Excerpts from a dataset
•••

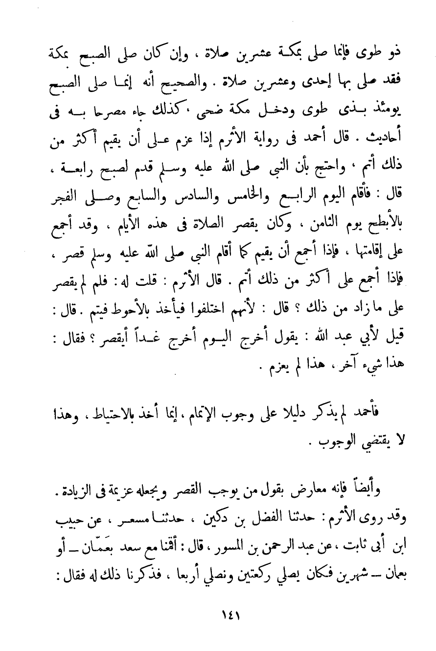 ذُو طُوًى فَإِنَّمَا صَلَّى بِمَكَّةَ عِشْرِينَ صَلَاةً وَإِنْ كَانَ صَلَّى الصُّبْحَ بِمَكَّةَ فَقَدْ صَلَّى بِهَا إحْدَى وَعِشْرِينَ صَلَاةً. وَالصَّحِيحُ أَنَّهُ إنَّمَا صَلَّى الصُّبْحَ يَوْمَئِذٍ بِذِي طُوًى وَدَخَلَ مَكَّةَ ضُحًى كَذَلِكَ جَاءَ مُصَرَّحًا بِهِ فِي أَحَادِيثَ. قَالَ أَحْمَد فِي رِوَايَةِ الْأَثْرَمِ إذَا عَزَمَ عَلَى أَنْ يُقِيمَ أَكْثَرَ مِنْ ذَلِكَ أَتَمَّ وَاحْتَجَّ بِأَنَّ النَّبِيَّ صَلَّى اللَّهُ عَلَيْهِ وَسَلَّمَ قَدِمَ لِصُبْحِ رَابِعَةٍ قَالَ: فَأَقَامَ الْيَوْمَ الرَّابِعَ وَالْخَامِسَ وَالسَّادِسَ وَالسَّابِعَ وَصَلَّى الْفَجْرَ بِالْأَبْطُحِ يَوْمَ الثَّامِنِ وَكَانَ يَقْصُرُ الصَّلَاةَ فِي هَذِهِ الْأَيَّامِ وَقَدْ أَجْمَعَ عَلَى إقَامَتِهَا فَإِذَا أَجْمَعَ أَنْ يُقِيمَ كَمَا أَقَامَ النَّبِيُّ صَلَّى اللَّهُ عَلَيْهِ وَسَلَّمَ قَصَرَ فَإِذَا أَجْمَعَ عَلَى أَكْثَرَ مِنْ ذَلِكَ أَتَمَّ. قَالَ الْأَثْرَمُ: قُلْت لَهُ: فَلِمَ لَمْ يَقْصُرْ عَلَى مَا زَادَ مِنْ ذَلِكَ؟ قَالَ: لِأَنَّهُمْ اخْتَلَفُوا فَيَأْخُذُ بِالْأَحْوَطِ فَيُتِمُّ. قَالَ: قِيلَ لِأَبِي عَبْدِ اللَّهِ: يَقُولُ أَخْرُجُ الْيَوْمَ أَخْرُجُ غَدًا أَيَقْصُرُ؟ فَقَالَ: هَذَا شَيْءٌ آخَرُ هَذَا لَمْ يَعْزِمْ. فَأَحْمَدُ لَمْ يَذْكُرْ دَلِيلًا عَلَى وُجُوبِ الْإِتْمَامِ إنَّمَا أَخَذَ بِالِاحْتِيَاطِ وَهَذَا لَا يَقْتَضِي الْوُجُوبَ. وَأَيْضًا فَإِنَّهُ مُعَارَضٌ بِقَوْلِ مَنْ يُوجِبُ الْقَصْرَ وَيَجْعَلُهُ عَزِيمَةً فِي الزِّيَادَةِ. وَقَدْ رَوَى الْأَثْرَمُ: حَدَّثَنَا الْفَضْلُ بْنُ دكين حَدَّثَنَا مِسْعَرٌ عَنْ حَبِيبِ ابْنِ أَبِي ثَابِتٍ عَنْ عَبْدِ الرَّحْمَنِ بْنِ الْمِسْوَرِ قَالَ: أَقَمْنَا مَعَ سَعْدٍ بِعُمَانَ - أَوْ بِعَمَّانَ - شَهْرَيْنِ فَكَانَ يُصَلِّي رَكْعَتَيْنِ وَنُصَلِّي أَرْبَعًا فَذَكَرْنَا ذَلِكَ لَهُ فَقَالَ:
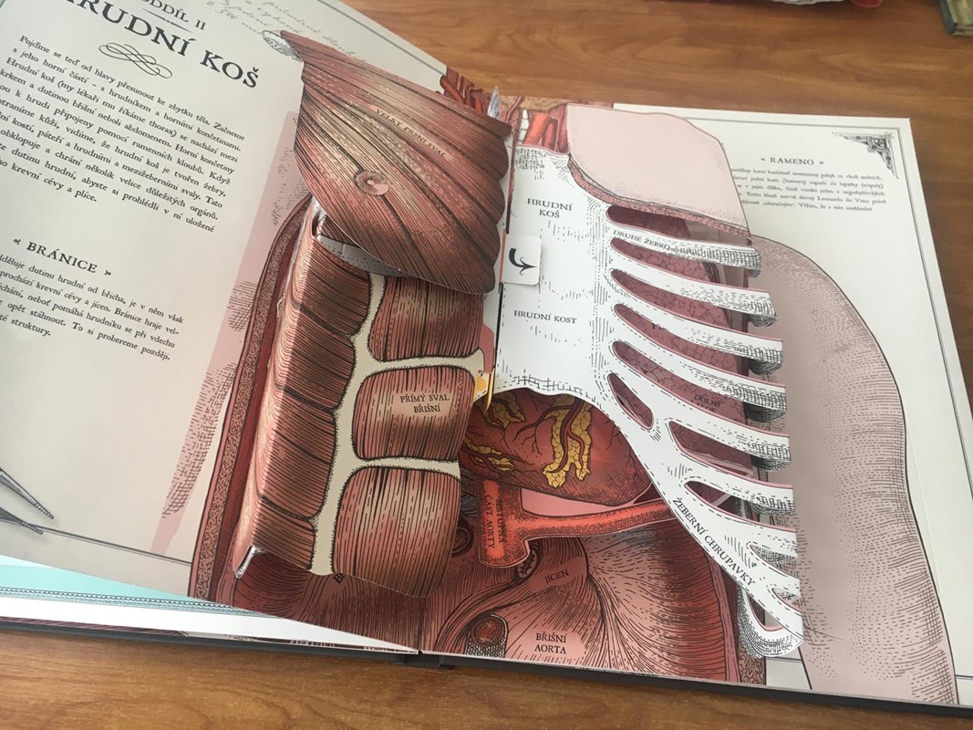 Tato kniha tě přenese do staré Anglie. Ilustrace inspirované viktoriánskou odbornou literaturou a úchvatné trojrozměrné modely zaručují dokonalý požitek z výpravy za poznáním toho, jak funguje lidské tělo. Je rok 1839, ty jsi student medicíny a chystáš se na svou první pitvu. Pod bedlivým dozorem zkušeného doktora Walkera se podíváte dovnitř lidského těla – a to doslova vrstvu po vrstvě. Prozkoumáte kosti, svaly, mozek, srdce… Hodina právě začíná!
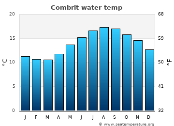 The graph below shows the range of monthly Combrit water temperature derived from many years of historical sea surface temperature data.
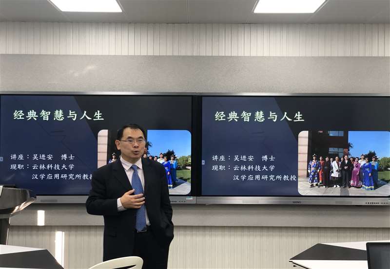 在5号教学楼407智慧教室举办了题为“经典智慧与人生”的学术讲座。此次讲座由台湾云林科技大学汉学应用研究所吴进安教授主讲,绅士漫画
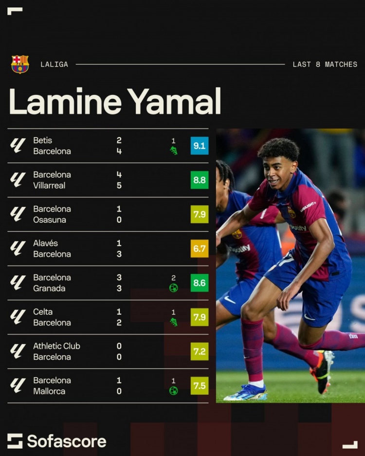 据Sofascore统计,亚马尔近8次西甲出场打进3球并送出2记助攻,场均成功过人2.6次,对抗成功7.8次。
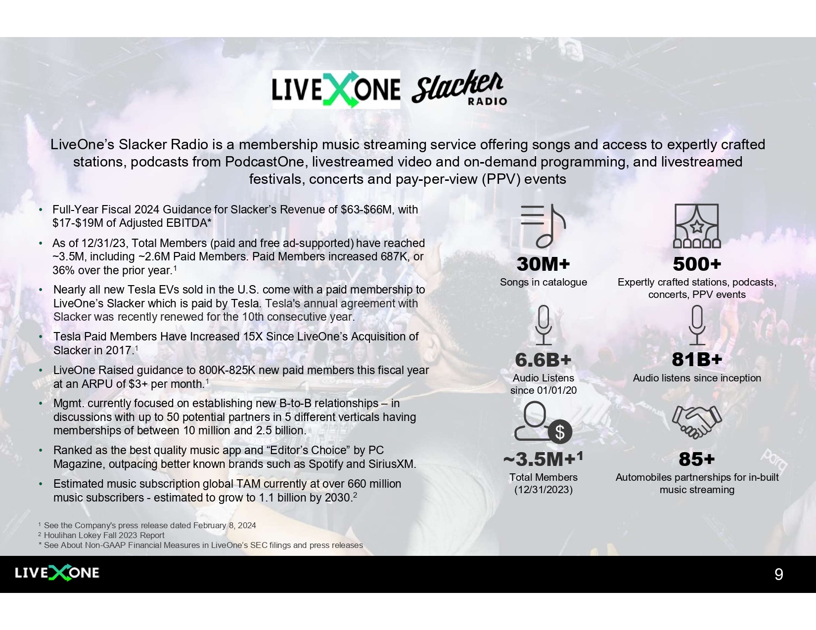 LiveOne’s Slacker Radio is a membership music streaming service offering songs and access to expertly crafted stations, podcasts from PodcastOne, livestreamed video and on - demand programming, and livestreamed festivals, concerts and pay - per - view (PPV) events • Full - Year Fiscal 2024 Guidance for Slacker’s Revenue of $63 - $66M, with $17 - $19M of Adjusted EBITDA* • As of 12/31/23, Total Members (paid and free ad - supported) have reached ~3.5M, including ~2.6M Paid Members. Paid Members increased 687K, or 36% over the prior year. 1 • Nearly all new Tesla EVs sold in the U.S. come with a paid membership to LiveOne’s Slacker which is paid by Tesla. Tesla's annual agreement with Slacker was recently renewed for the 10th consecutive year. • Tesla Paid Members Have Increased 15X Since LiveOne’s Acquisition of Slacker in 2017. 1 • LiveOne Raised guidance to 800K - 825K new paid members this fiscal year at an ARPU of $3+ per month. 1 • Mgmt. currently focused on establishing new B - to - B relationships – in discussions with up to 50 potential partners in 5 different verticals having memberships of between 10 million and 2.5 billion. • Ranked as the best quality music app and “Editor’s Choice” by PC Magazine, outpacing better known brands such as Spotify and SiriusXM. • Estimated music subscription global TAM currently at over 660 million music subscribers - estimated to grow to 1.1 billion by 2030. 2 30M+ Songs in catalogue 500+ Expertly crafted stations, podcasts, concerts, PPV events 6.6B+ Audio Listens since 01/01/20 81B+ Audio listens since inception ~3.5M+ 1 Total Members (12/31/2023) 85+ Automobiles partnerships for in - built music streaming $ 9 1 See the Company's press release dated February 8, 2024 2 Houlihan Lokey Fall 2023 Report * See About Non - GAAP Financial Measures in LiveOne’s SEC filings and press releases
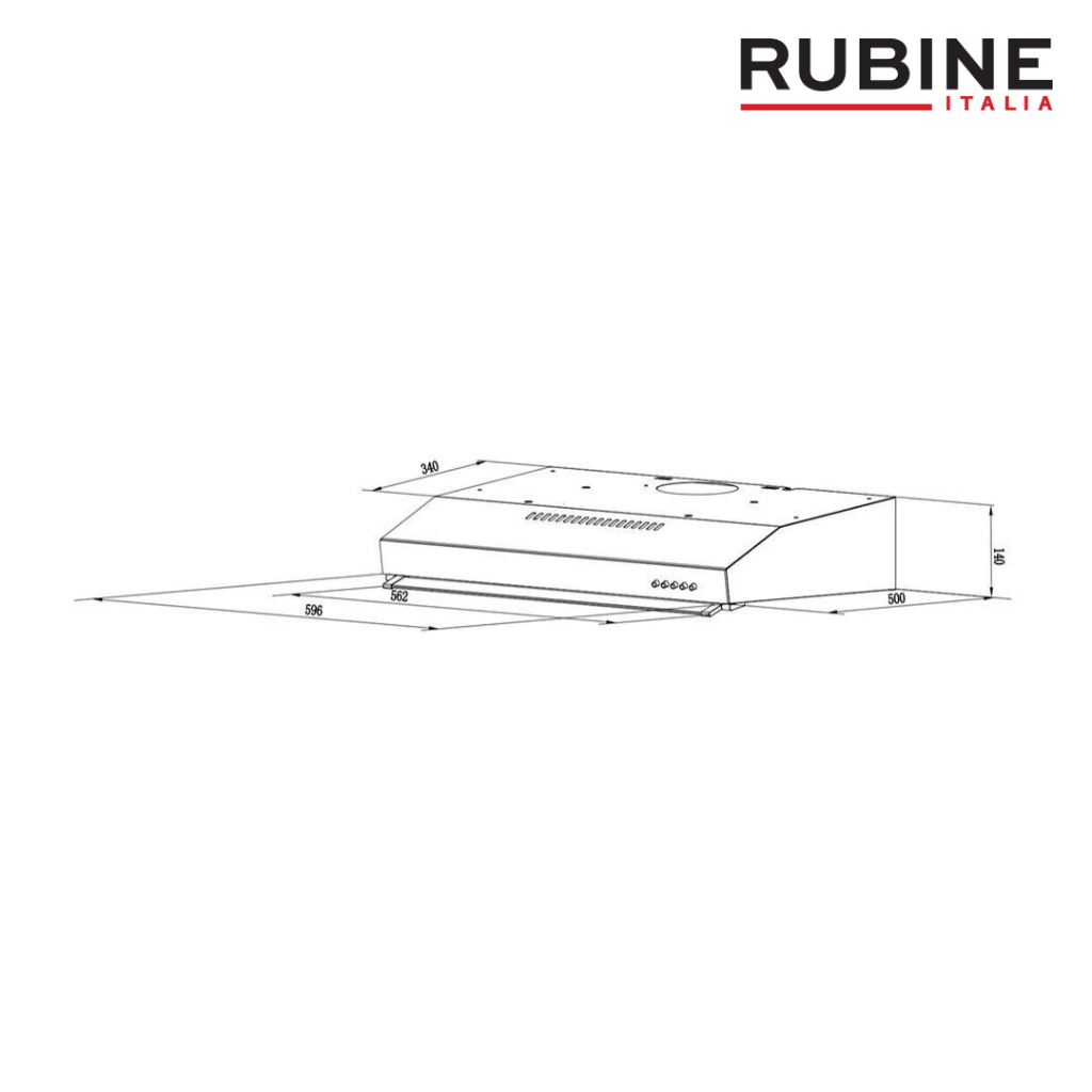 RUBINE RSH-GENOA-60BL Slim Hood 3 Extraction Speed with 5-Layer Aluminium Grease Filter
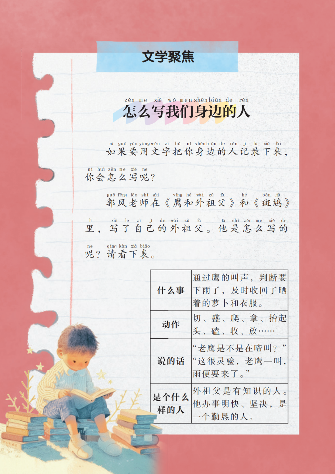 真正的写作,是从心出发的对话。《明亮的文学课》还设置了“文学聚焦”的助读模块,帮助孩子真正走进文本,引导孩子对文本、文体等进行探究,教会孩子们如何在阅读中思考,在观察中感悟,将个人的情感、见解融入文字之中。
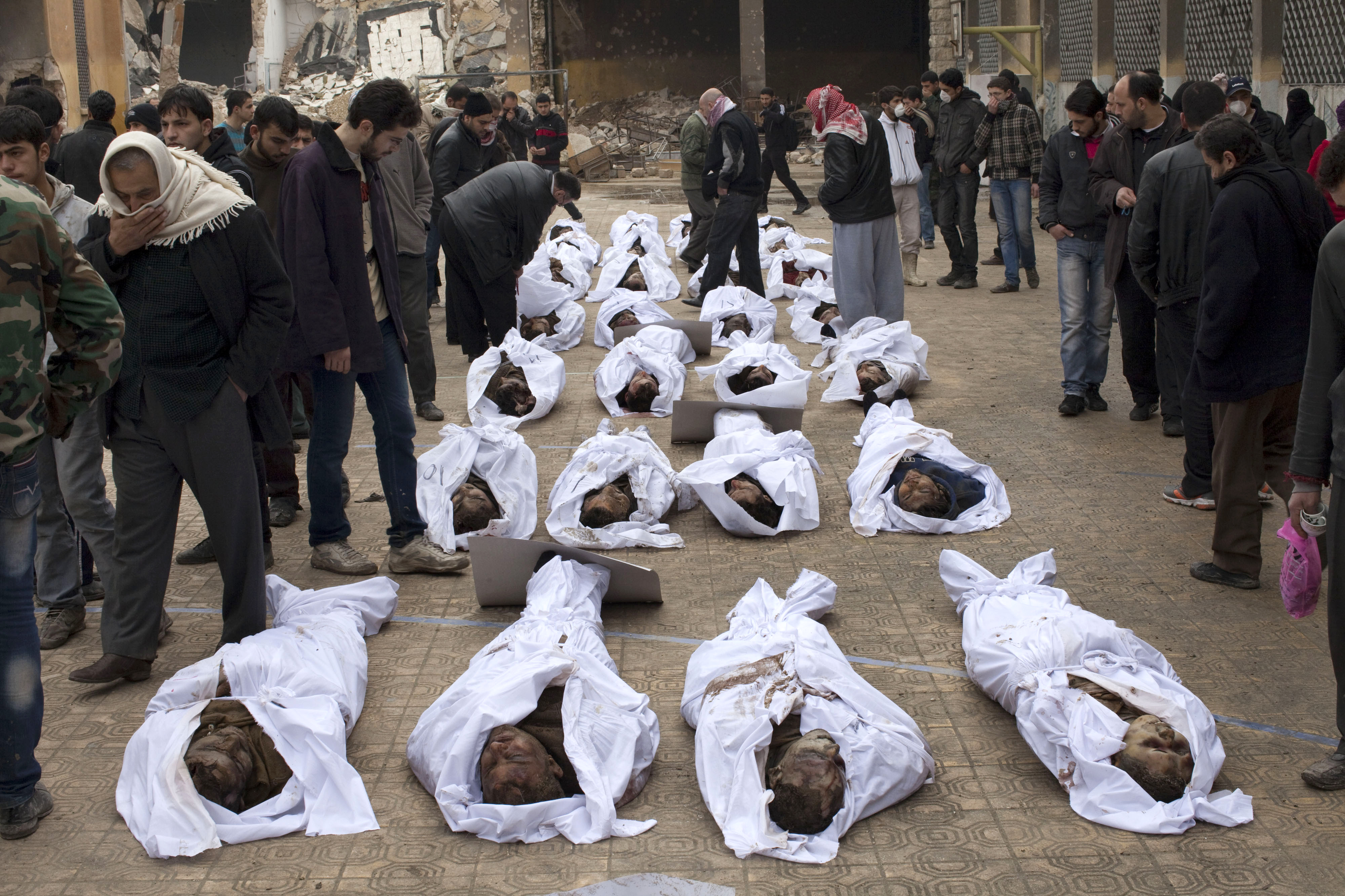 (Photo: Men search for their relatives amongst the bodies of Syrian civilians executed and dumped in the Quweiq river, in the grounds of the courtyard of the Yarmouk School, in the Bustan al-Qasr district of Aleppo on January 30, 2013. By J M Lopez/AFP/Getty Images)

•••

# EXERCISE
From the first line to the last, return the records exactly and leave the pictures behind.

# RESPONSE AREA
 ذُو طُوًى فَإِنَّمَا صَلَّى بِمَكَّةَ عِشْرِينَ صَلَاةً وَإِنْ كَانَ صَلَّى الصُّبْحَ بِمَكَّةَ فَقَدْ صَلَّى بِهَا إحْدَى وَعِشْرِينَ صَلَاةً. وَالصَّحِيحُ أَنَّهُ إنَّمَا صَلَّى الصُّبْحَ يَوْمَئِذٍ بِذِي طُوًى وَدَخَلَ مَكَّةَ ضُحًى كَذَلِكَ جَاءَ مُصَرَّحًا بِهِ فِي أَحَادِيثَ. قَالَ أَحْمَد فِي رِوَايَةِ الْأَثْرَمِ إذَا عَزَمَ عَلَى أَنْ يُقِيمَ أَكْثَرَ مِنْ ذَلِكَ أَتَمَّ وَاحْتَجَّ بِأَنَّ النَّبِيَّ صَلَّى اللَّهُ عَلَيْهِ وَسَلَّمَ قَدِمَ لِصُبْحِ رَابِعَةٍ قَالَ: فَأَقَامَ الْيَوْمَ الرَّابِعَ وَالْخَامِسَ وَالسَّادِسَ وَالسَّابِعَ وَصَلَّى الْفَجْرَ بِالْأَبْطُحِ يَوْمَ الثَّامِنِ وَكَانَ يَقْصُرُ الصَّلَاةَ فِي هَذِهِ الْأَيَّامِ وَقَدْ أَجْمَعَ عَلَى إقَامَتِهَا فَإِذَا أَجْمَعَ أَنْ يُقِيمَ كَمَا أَقَامَ النَّبِيُّ صَلَّى اللَّهُ عَلَيْهِ وَسَلَّمَ قَصَرَ فَإِذَا أَجْمَعَ عَلَى أَكْثَرَ مِنْ ذَلِكَ أَتَمَّ. قَالَ الْأَثْرَمُ: قُلْت لَهُ: فَلِمَ لَمْ يَقْصُرْ عَلَى مَا زَادَ مِنْ ذَلِكَ؟ قَالَ: لِأَنَّهُمْ اخْتَلَفُوا فَيَأْخُذُ بِالْأَحْوَطِ فَيُتِمُّ. قَالَ: قِيلَ لِأَبِي عَبْدِ اللَّهِ: يَقُولُ أَخْرُجُ الْيَوْمَ أَخْرُجُ غَدًا أَيَقْصُرُ؟ فَقَالَ: هَذَا شَيْءٌ آخَرُ هَذَا لَمْ يَعْزِمْ. فَأَحْمَدُ لَمْ يَذْكُرْ دَلِيلًا عَلَى وُجُوبِ الْإِتْمَامِ إنَّمَا أَخَذَ بِالِاحْتِيَاطِ وَهَذَا لَا يَقْتَضِي الْوُجُوبَ. وَأَيْضًا فَإِنَّهُ مُعَارَضٌ بِقَوْلِ مَنْ يُوجِبُ الْقَصْرَ وَيَجْعَلُهُ عَزِيمَةً فِي الزِّيَادَةِ. وَقَدْ رَوَى الْأَثْرَمُ: حَدَّثَنَا الْفَضْلُ بْنُ دكين حَدَّثَنَا مِسْعَرٌ عَنْ حَبِيبِ ابْنِ أَبِي ثَابِتٍ عَنْ عَبْدِ الرَّحْمَنِ بْنِ الْمِسْوَرِ قَالَ: أَقَمْنَا مَعَ سَعْدٍ بِعُمَانَ - أَوْ بِعَمَّانَ - شَهْرَيْنِ فَكَانَ يُصَلِّي رَكْعَتَيْنِ وَنُصَلِّي أَرْبَعًا فَذَكَرْنَا ذَلِكَ لَهُ فَقَالَ:
 Tato kniha tě přenese do staré Anglie. Ilustrace inspirované viktoriánskou odbornou literaturou a úchvatné trojrozměrné modely zaručují dokonalý požitek z výpravy za poznáním toho, jak funguje lidské tělo. Je rok 1839, ty jsi student medicíny a chystáš se na svou první pitvu. Pod bedlivým dozorem zkušeného doktora Walkera se podíváte dovnitř lidského těla – a to doslova vrstvu po vrstvě. Prozkoumáte kosti, svaly, mozek, srdce… Hodina právě začíná!
 The graph below shows the range of monthly Combrit water temperature derived from many years of historical sea surface temperature data.
 在5号教学楼407智慧教室举办了题为“经典智慧与人生”的学术讲座。此次讲座由台湾云林科技大学汉学应用研究所吴进安教授主讲,绅士漫画
 据Sofascore统计,亚马尔近8次西甲出场打进3球并送出2记助攻,场均成功过人2.6次,对抗成功7.8次。
 LiveOne’s Slacker Radio is a membership music streaming service offering songs and access to expertly crafted stations, podcasts from PodcastOne, livestreamed video and on - demand programming, and livestreamed festivals, concerts and pay - per - view (PPV) events • Full - Year Fiscal 2024 Guidance for Slacker’s Revenue of $63 - $66M, with $17 - $19M of Adjusted EBITDA* • As of 12/31/23, Total Members (paid and free ad - supported) have reached ~3.5M, including ~2.6M Paid Members. Paid Members increased 687K, or 36% over the prior year. 1 • Nearly all new Tesla EVs sold in the U.S. come with a paid membership to LiveOne’s Slacker which is paid by Tesla. Tesla's annual agreement with Slacker was recently renewed for the 10th consecutive year. • Tesla Paid Members Have Increased 15X Since LiveOne’s Acquisition of Slacker in 2017. 1 • LiveOne Raised guidance to 800K - 825K new paid members this fiscal year at an ARPU of $3+ per month. 1 • Mgmt. currently focused on establishing new B - to - B relationships – in discussions with up to 50 potential partners in 5 different verticals having memberships of between 10 million and 2.5 billion. • Ranked as the best quality music app and “Editor’s Choice” by PC Magazine, outpacing better known brands such as Spotify and SiriusXM. • Estimated music subscription global TAM currently at over 660 million music subscribers - estimated to grow to 1.1 billion by 2030. 2 30M+ Songs in catalogue 500+ Expertly crafted stations, podcasts, concerts, PPV events 6.6B+ Audio Listens since 01/01/20 81B+ Audio listens since inception ~3.5M+ 1 Total Members (12/31/2023) 85+ Automobiles partnerships for in - built music streaming $ 9 1 See the Company's press release dated February 8, 2024 2 Houlihan Lokey Fall 2023 Report * See About Non - GAAP Financial Measures in LiveOne’s SEC filings and press releases
 RUBINE RSH-GENOA-60BL Slim Hood 3 Extraction Speed with 5-Layer Aluminium Grease Filter
 真正的写作,是从心出发的对话。《明亮的文学课》还设置了“文学聚焦”的助读模块,帮助孩子真正走进文本,引导孩子对文本、文体等进行探究,教会孩子们如何在阅读中思考,在观察中感悟,将个人的情感、见解融入文字之中。
 (Photo: Men search for their relatives amongst the bodies of Syrian civilians executed and dumped in the Quweiq river, in the grounds of the courtyard of the Yarmouk School, in the Bustan al-Qasr district of Aleppo on January 30, 2013. By J M Lopez/AFP/Getty Images)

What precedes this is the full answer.